Some Comments about Chapter 11 of Samuels & Witmer

Section 11.1

(p. 465, The problem of multiple comparisons) One way to work around the multiple comparison problem is to make a simple adjustment for the fact that doing all of the two-sample comparisons makes the probability of at least one type I error a value much greater than the type I error rate for each individual test. Suppose that we have I = 5 groups, so that ₅C₂ = 10 pairwise comparisons can be considered. If each of the 10 pairwise tests are done at level 0.005, then Boole's inequality (a probability fact that is easy to understand) gives us that the overall chance of at least one type I error from the 10 tests cannot be larger than 10*0.005 = 0.05. In general, for an overall probability of at least one type I error to be limited to be no more than 0.05, we can do each of the _IC₂ pairwise tests at level 0.05/(_IC₂).

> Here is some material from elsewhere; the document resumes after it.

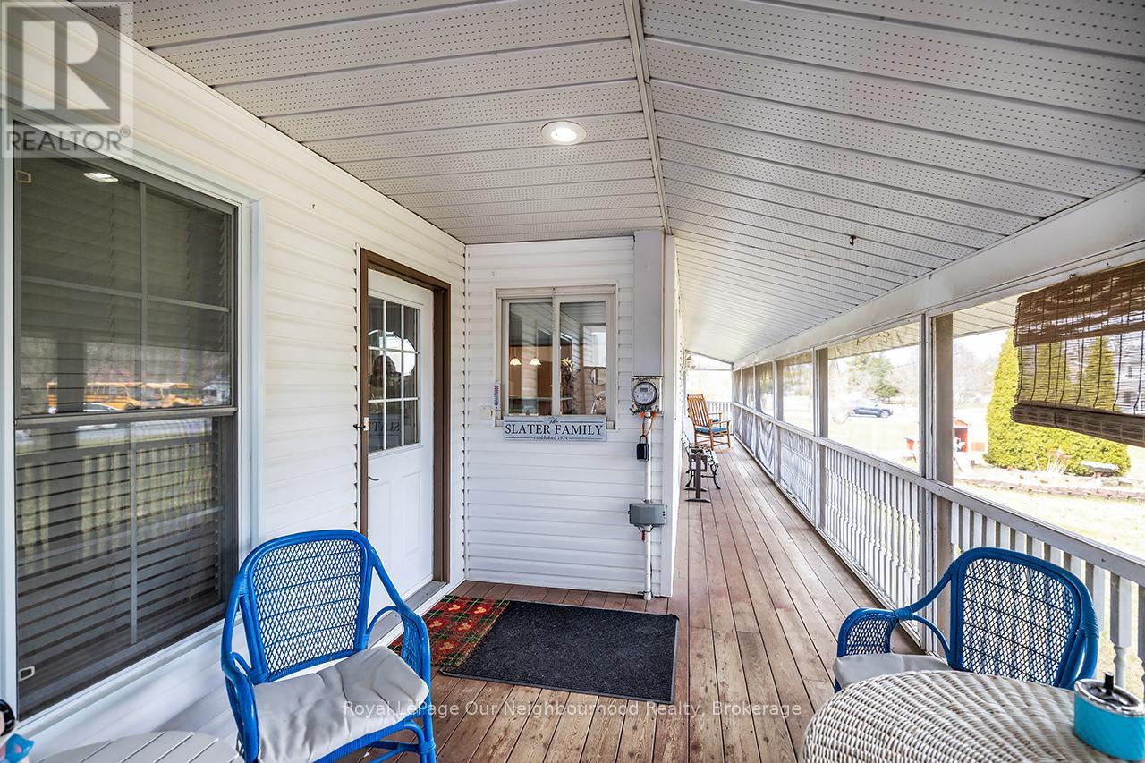 This immaculately upgraded bungalow offers over 2,000 sq ft of beautifully finished living space, blending comfort, style, and functionality. With 4 bedrooms (2+2) and 2 modern bathrooms, the home is perfect for families and entertainers alike. The spacious open-concept layout is highlighted by a fully renovated kitchen featuring a large breakfast bar with seating for four, skylights, and a bright eat-in dining area. A standout feature is the screened-in front veranda (52 x 8.4), ideal for enjoying morning coffee or unwinding in the evenings. The main floor also includes convenient laundry, updated laminate flooring in the living room, and a freshly renovated bathroom. Downstairs, the finished basement provides incredible versatility with a generous rec room, cozy gas fireplace, new vinyl flooring, and a private walk-up entrance offering great potential for an in-law suite. Updates include newer A/C (2020), septic pump (2017), window wells, and remodeled basement bathroom and flooring (2022). Outside, enjoy your own backyard oasis with a covered rear veranda (10 x 27), heated saltwater above-ground pool, and a brand-new solarium, perfect for year-round relaxation. This exceptional home offers thoughtful upgrades, generous space, and a peaceful setting; truly a must-see! (id:51158)

Such a workaround is not the best way to go about things when the variances can be assumed to be equal, since it's a conservative approach, and methods introduced in Ch. 11 will be more powerful. But if the variances differ greatly, then the Ch. 11 methods aren't so good, and using the scheme based on Boole's inequality with Welch's statistic may be an attractive option. (There are some methods which aren't as conservative that allow for heteroscedasticity (unequal variances), but such methods aren't commonly used.)
(p. 465, Estimation of the standard deviation) If the variances can be assumed to be equal, which is not always a realistic assumption, then pooling the information from all of the samples is a good idea. But if the variances differ enough, methods based on an assumption of homoscedasticity, and involving a pooled estimate of the (assumed common) standard deviation, can perform badly. If the sample sizes are equal, or not too different, then the type I error rate isn't affected so much by heteroscedasticity, but the power characterisitcs of the test can be screwy. If the sample sizes differ appreciably, the type I error rate of the commonly used testing procedure can be very far from the nominal level --- resulting in either a extremely anticonservative test, or in a test having rather poor power.
(p. 467, 1st paragraph) This paragraph explains why the phrase ANalysis Of VAriance is used for a test about distribution means.

Section 11.2

(p. 468) Rather than use n^* for the total number of observations (aka combined sample size), I might use the commonly used N. (K is often used, instead of I, for the number of groups. I'll try to use I, but may slip and use K at times.) The grand mean is sometimes called the mean of the combined sample.
(p. 469 & p. 472) I've long been of the opinion that it isn't worthwhile to try to understand why the phrase degrees of freedom is used, and why the specific df values are what they are.
(p. 469, 1st gray box) The expression given is typically called the sum of squares due to error and denoted SSE. I'll use SSE instead of writing SS(within). G&H (Grafen & Hails book) use SSE.
(p. 470, 1st gray box) The expression given is typically called the mean squares due to error and denoted MSE. I'll use MSE instead of writing MS(within). G&H (Grafen & Hails book) use EMS instead of MSE.

Section 11.3

(pp. 476-477) Some books use alpha instead of tau in the model statement (and assume the reader can keep this use of alpha different from the use of alpha regarding the size or level of the test. Whether tau or alpha is used in the model statement, the term is often referred to as the treatment effect (where S&W use "effect of group"). In this ANOVA setting, this use of treatment effect gives how the mean of the ith treatment distribution differs from the "grand population mean" (which is somewhat of a nebulous thing). Some books use e instead of epsilon for the error term, and I think it's good to do so, to follow a convention of using Greek letters for constants (often of unknown value, but not variable) and Roman letters for random variables. (Note: In model statements and formulas for test statistics and confidence intervals, lower case Roman letters are sometimes used in the ANOVA setting even when the letters refer to the random variables and not their observed values. I suspect that this practice is due to a desire to make the formulas appear less "busy"/cluttered.) The term error term is perhaps unfortunate since it makes some people assume that it refers to measurement error. It really captures all sources of variation about the distribution mean, and in most settings the variation is mostly due to differences among individuals in the population as opposed to measurement error.

Section 11.4

(p. 479) Note that Figure 11.6 illustrates the critical value. Most books put the two df values in the subscript along with the upper-tail probability.

Section 11.5

My comments here will pertain to the use of SPSS in addition to addressing some of what is in S&W.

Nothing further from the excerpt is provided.